1. It calls for 3.5 ounces of 62% bittersweet chocolate. That's one bar plus half an ounce. Nice.

2. The recipe says to whisk 4 egg yolks with 3/4 of a cup of sugar, then add 1/4cup plus 3 tablespoons of cocoa. Fine.

This is going to be the base of a custard. That means that after I mix them all up I'll need to add hot milk slowly to "temper" the custard. If I fail, I get scrambled eggs. The best way to avoid failure is to whisk constantly while streaming in a bit of hot milk.

Now, think about those proportions, dry to wet. They don't work. Sugar plus egg yolks works fine, you get just the sort of paste you'd want for tempering. Add the cocoa, though, and you get a totally unmanageable, thick goo that solidifies inside your balloon whisk so you cannot even stir, much less whisk.

Goodbye, keep it moving. Goodbye, proper tempering. Hello! Little flecks of scrambled eggs in the strainer.

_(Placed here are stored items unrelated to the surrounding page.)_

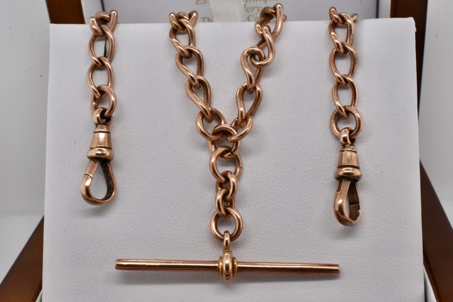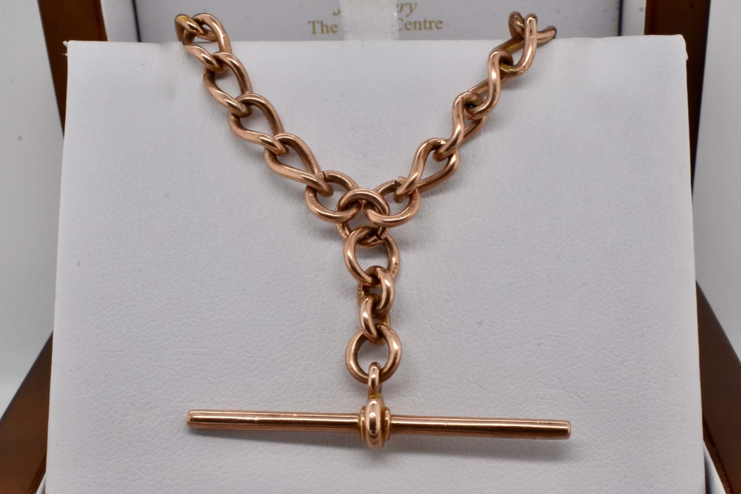 This open curb link Albert chain as been crafted in 9ct rose gold and has a Birmingham hallmark. Dated circa 1930s the chain has a fixed T-bar feature and two swivel clasps. 33.68grams. Independent Valuation Supplied
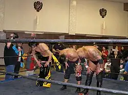 (Left to right) Kudo, Miyawaki and Yoshiaki Yago at Chikara King of Trios in February 2007
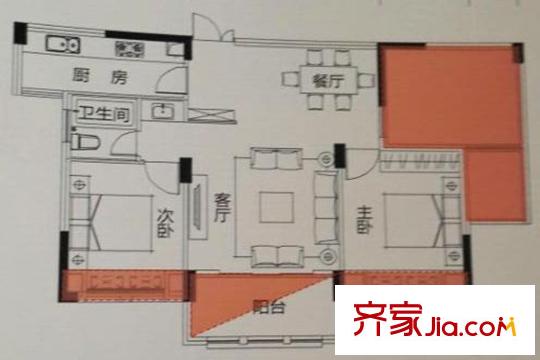 梅湾文化大苑C户型 3室2厅1卫1厨
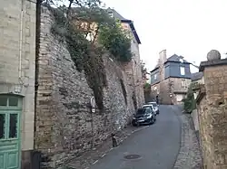 | 17 | Contrescarpe | Rue Rallon | XIIIe siècle | Subsiste une contrescarpe le long des remparts Est sur la promenade du Val. Celle de la rue de la Borderie est de la roche lors du creusement des fossés. | ![]() | |

I couldn't even get it out with my spatula, or off the spatula once I ground some off the whisk.

3. The recipe calls for making a quick dark caramel. The quantities are: 2 tablespoons of sugar to 2 teaspoons of water.

You heat that on high and when it's dark brown you drizzle it into the warm chocolate custard mixture. I'm not sure what this is supposed to accomplish. At dark caramel, what you've got is basically hard-ball stage candy. It hits a cooler liquid and it...solidifies! Obviously.

So you're whisking in strings of hard candy. The recipe says "may need to strain." Uh, yeah. And you'll strain that caramel right out, genius. It will also stick to your spoon/spatula. It will also make such a tiny amount of caramel that you can't really get it out of your smallest pan, so it will be stuck to the sides requiring much soaking and one whole scrubby pad for cleaning.

The base looks not-so-good. It's cooling. Then I'll chill it. Then I'll churn it. Then I'll freeze it hard. Then, finally, after doing an entire double sink worth of dishes thanks to the enormous mess this travesty has created, I'll taste it.

Charles said, "Why not wait to rant until you taste it?" Becuase it's chocolate ice cream. Not an exotic flavor or even an unusual ingredient. I can buy it anytime I want. So how good will it have to be to justify all the effort and frustration? It had better be ambrosia.